How might attending to timbre shift the boundaries of the experiences and practices that come under the analytical purview of religion? What timbral qualities render prayer efficacious and invite divine encounter? What cosmological claims and social relations are forwarded through sounds invoked in religious rituals and gatherings? How do marginalized voices and instruments shape worshipping communities? On the other hand, how are dominant identities and attendant structures reified through religiously marked timbre? Such questions about the character of sounds and their implications for religion animate this issue of the Yale Journal of Music & Religion.
Author Biography
Bo kyung Blenda Im is Assistant Professor of Sacred Music and of Divinity at Yale University. She is an ethnomusicologist who specializes in popular culture and religion in Korea and the Korean diaspora. In her research and teaching she engages questions pertaining to race and racialization, modernity and coloniality, temporality and aesthetics, and the epistemic inheritances of humanistic inquiry.
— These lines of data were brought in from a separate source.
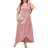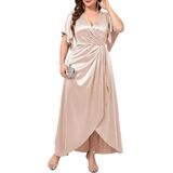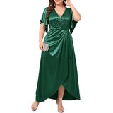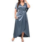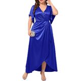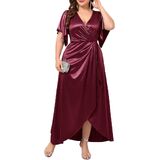 Slimming Design: This plus size evening gown features a V-neck with short handkerchief sleeves and a faux wrap front, effectively elongating the neck and upper body. The high waistline and flowy hem naturally enhance the waistline, creating a slimming effect and flattering various body types for an elegant look.
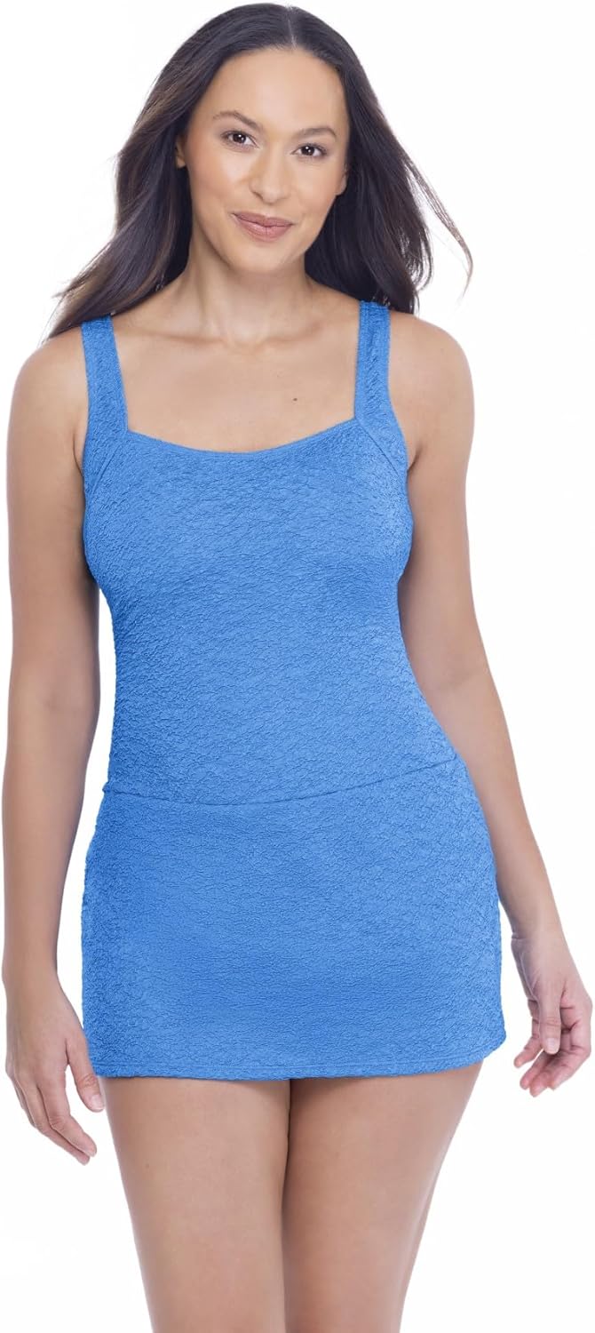 Grace Meets Movement: The textured straight back, square neck one piece. For swim sessions that build strength and confidence, you need a swimsuit that moves with you. Krinkle’s signature textured fabric isn’t just stylish, it’s built to endure and trusted by women for decades. Made from 100% chlorine-resistant polyester, each suit is designed to stand up to regular pool workouts, spa sessions, water therapy, salt and fresh water and beyond, without fading or breaking down like conventional swimwear. Fully lined with a tummy control panel and thoughtfully constructed with a soft cup bra for comfort, every Krinkle swimsuit helps you feel supported, sculpted, and ready for movement - no matter your pace. This Krinkle skater swimdress is thoughtfully designed to provide comfortable coverage with a flattering, easy-moving fit. The softly flared skater skirt offers gentle drape and freedom of motion while maintaining modest coverage through the hips and thighs. The classic square neckline and straight back lend a personalized fit and unrestricted movement. This creates a silhouette that feels balanced and boosts confidence through every water exercise class or active pool and beach days.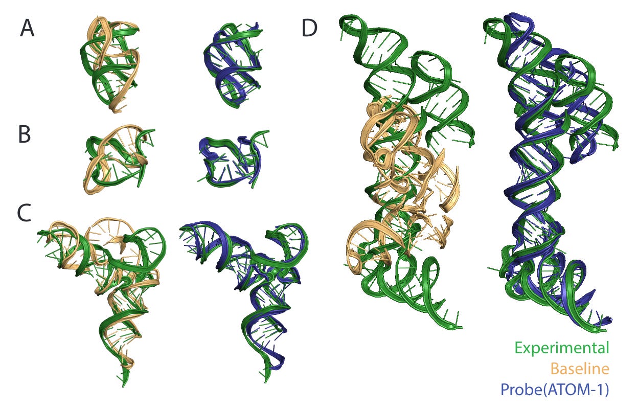 Using probe networks, which can take embeddings from ATOM-1 as input, the authors demonstrated that the model outperforms popular models when predicting tertiary RNA structures and is highly accurate when predicting secondary RNA structures.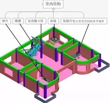 首层室内结构包含的构件可能有:楼梯、室内独立柱、水池、化验台等占室内空间的构件,见图3: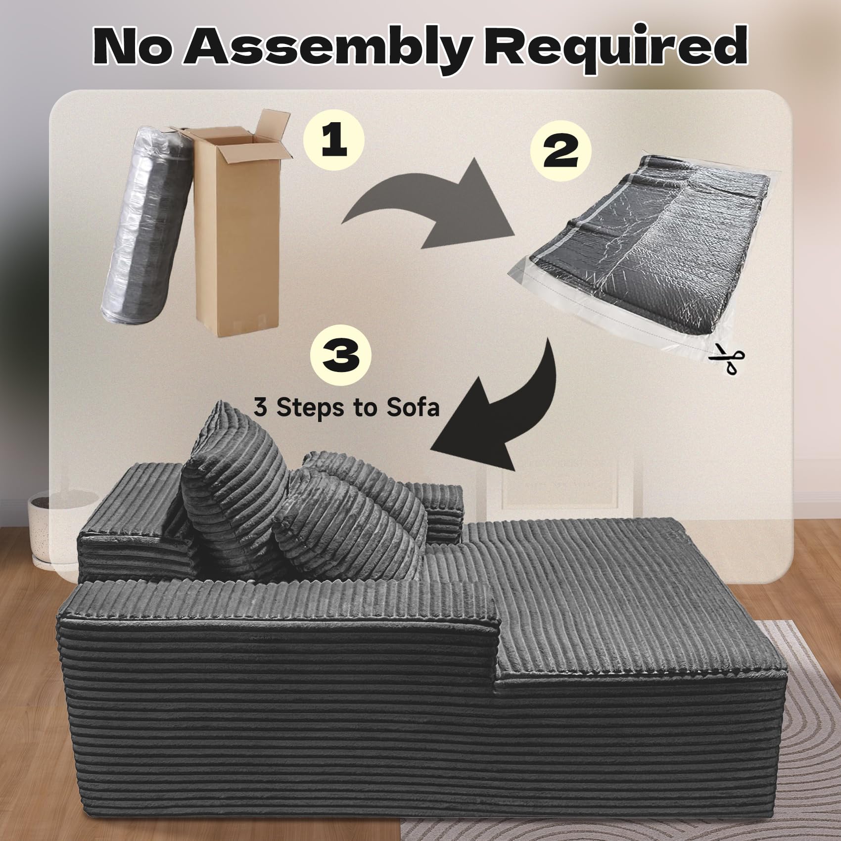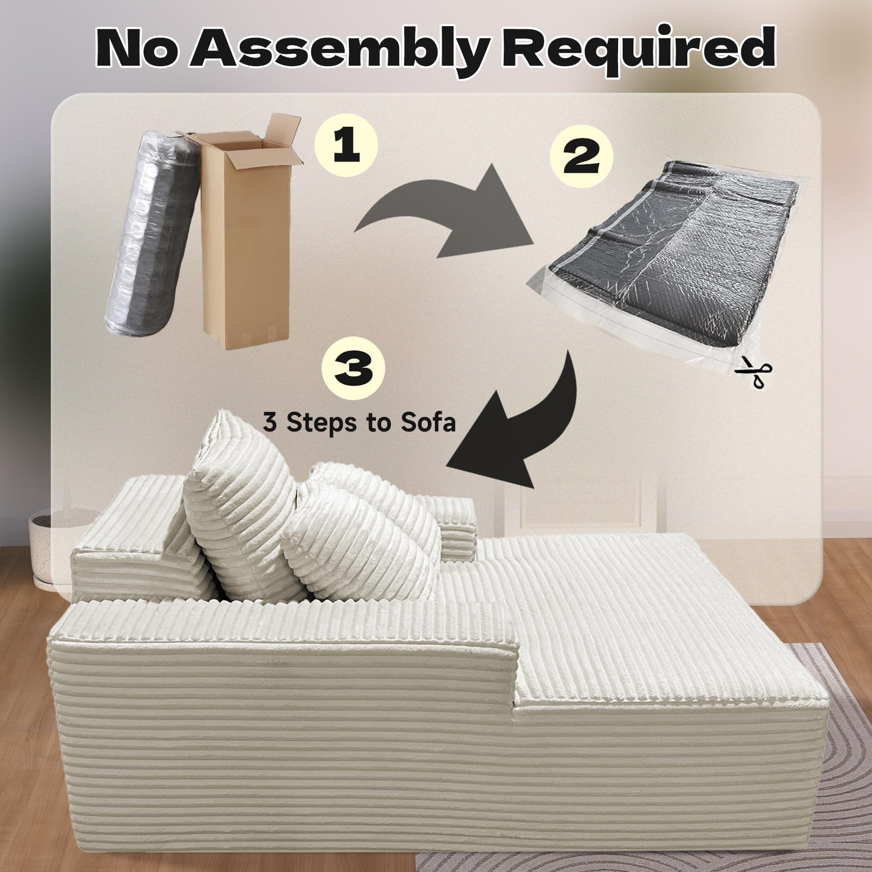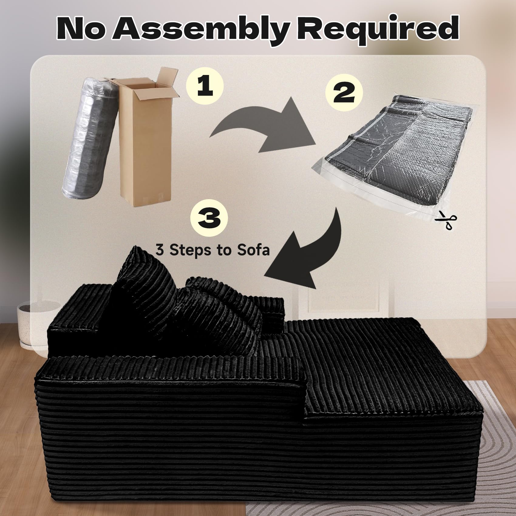 - No Assembly: Enjoy easy setup with our couch in a bag that requires no tools or complicated assembly.Just give it a light tap once you've taken it out of the packaging, and chaise chair will gradually bounce back to its original shape within 48 hours, ensuring your oversized Lounge chair is ready for comfortable lounging right out of the box

Her book project, Transpacific Modernity and the Forgotten Constant: Race, Music, and Faith in Seoul, reconceives transpacific musical modernity through a restorative chronopolitical framework.
Nathan Myrick is Assistant Professor of Sacred Music, Director of the Sacred Spectrum Project, and Director of Undergraduate Studies in the Townsend School of Music at Mercer University.
Im, Bo kyung Blenda and Myrick, Nathan
(2025)
"Introduction: The Power of Timbre in Religion,"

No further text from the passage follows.